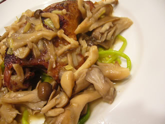 アスパラ・ソバージュとキノコ類の付け合わせも
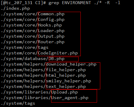 default: exit('The application environment is not set correctly.');為什么一開始就要配置ENVIRONMENT?這是因?yàn)椋珻I框架中很多組件都依賴于ENVIRONMENT的配置,我們看一下system中,引用ENVIRONMENT的地方:
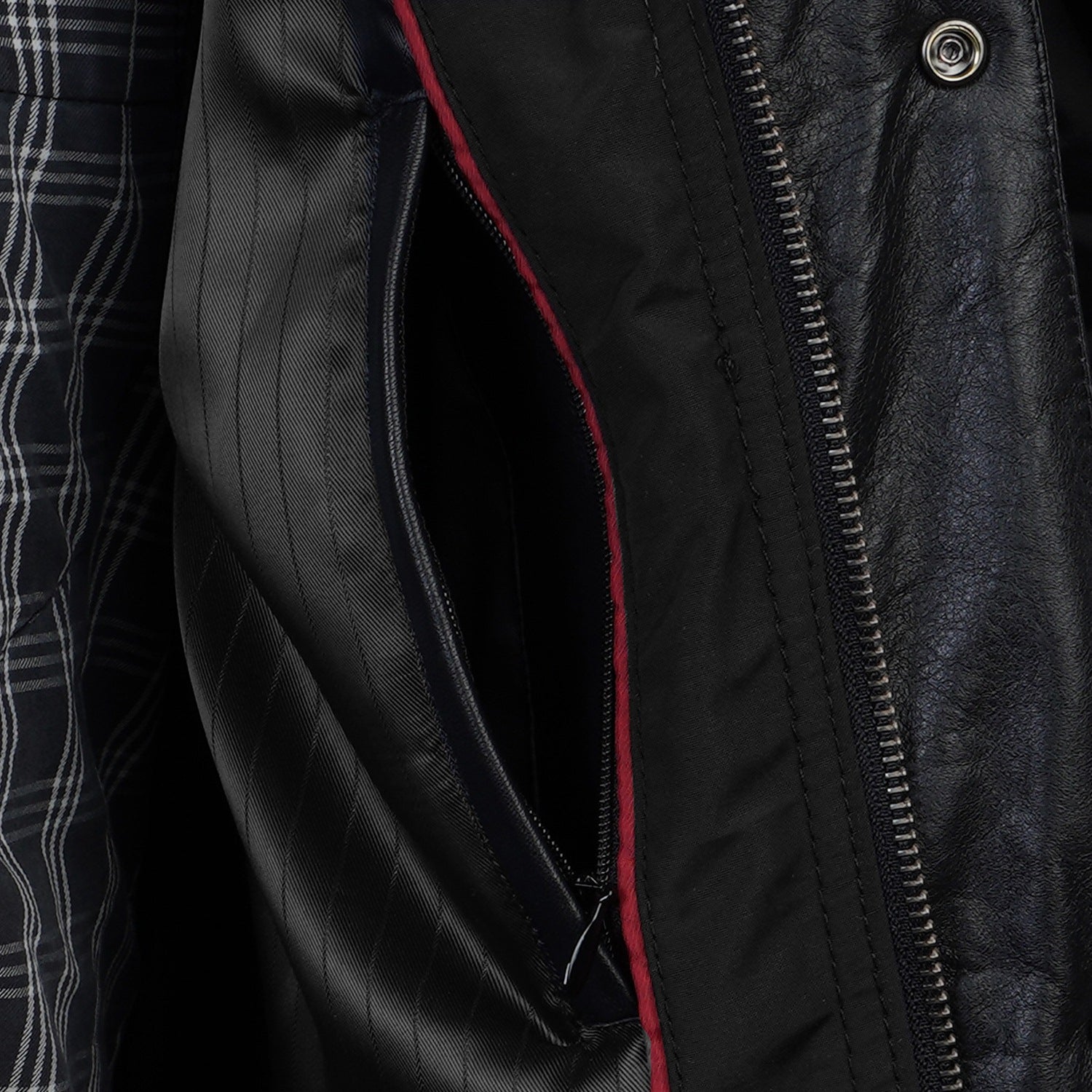 | This black zipper-button coat jacket is made to provide you the warmth and style quotient at the same time. The zipper & button front closure provides the dual look of a jacket and a coat. The multiple pockets on front provide you the ample space to carry essentials. The snap button fastening sating collar. The light in weight jacket helps to keep you warmer. The contrasting genuine leather trims used on collar, arms and back makes it a perfect buy for the fashion forward folks. Club it with a tee, a pair of jeans and leather boots for a perfect ensemble. |
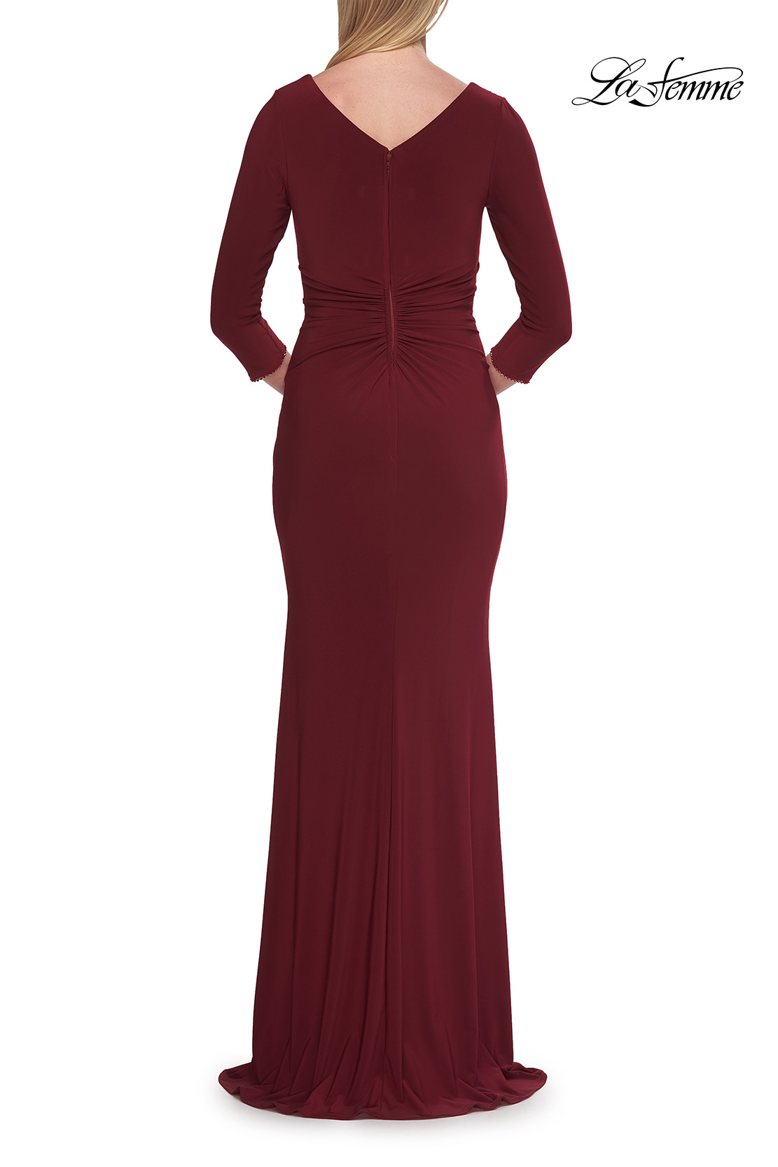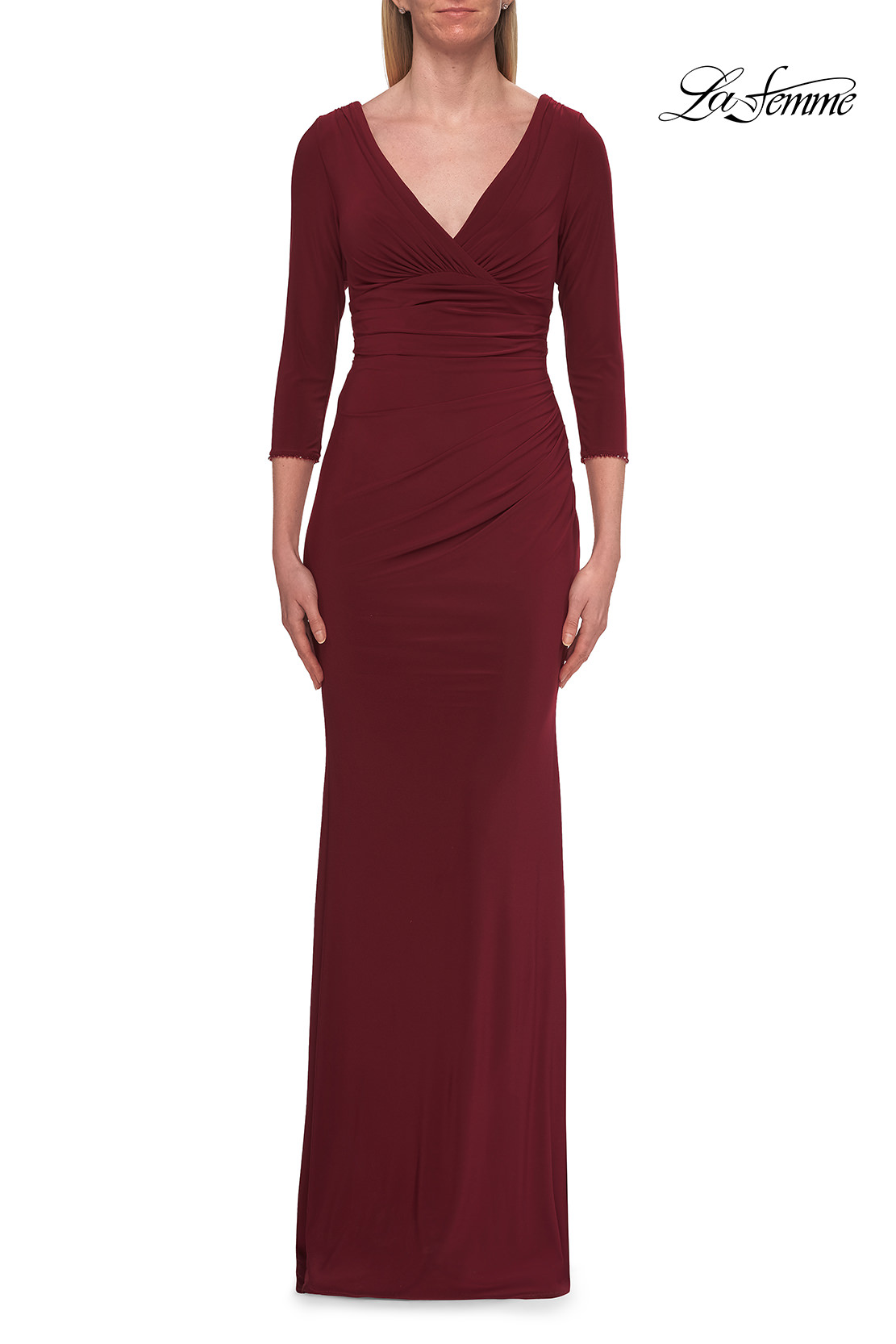 This timeless gown showcases a flattering V-neckline and elegant three-quarter sleeves with small beading detail. Soft ruching enhances the waist and hips for a beautifully sculpted silhouette, while the smooth jersey fabric drapes effortlessly to the floor—perfect for evening occasions or formal celebrations. Back zipper closure.
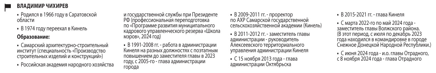 Владимир Чихирев подходит на эту роль, так как его карьера в основном связана с Кинелем, в котором он жил с детства и работал до 47 лет, через два года вернулся и еще шесть лет был главой Кинеля. Помимо этого, мэр Отрадного руководил Октябрьском и работал замглавы Волжского района. В 2023 году находился в командировке в ДНР в городе Снежное. А в прошлом году глава Отрадного прошел профессиональную переподготовку в РАНХиГС по программе «Школа мэров», что, очевидно, может говорить о его карьерных амбициях и планах развиваться.

○ ○ ○

Exercise goal
Beginning with the first line of the material above, please output each line exactly through the line that contains "This timeless gown", and only those, leaving out pictures.

Your solution
 アスパラ・ソバージュとキノコ類の付け合わせも
 default: exit('The application environment is not set correctly.');為什么一開始就要配置ENVIRONMENT?這是因?yàn)椋珻I框架中很多組件都依賴于ENVIRONMENT的配置,我們看一下system中,引用ENVIRONMENT的地方:
 | This black zipper-button coat jacket is made to provide you the warmth and style quotient at the same time. The zipper & button front closure provides the dual look of a jacket and a coat. The multiple pockets on front provide you the ample space to carry essentials. The snap button fastening sating collar. The light in weight jacket helps to keep you warmer. The contrasting genuine leather trims used on collar, arms and back makes it a perfect buy for the fashion forward folks. Club it with a tee, a pair of jeans and leather boots for a perfect ensemble. |
 This timeless gown showcases a flattering V-neckline and elegant three-quarter sleeves with small beading detail. Soft ruching enhances the waist and hips for a beautifully sculpted silhouette, while the smooth jersey fabric drapes effortlessly to the floor—perfect for evening occasions or formal celebrations. Back zipper closure.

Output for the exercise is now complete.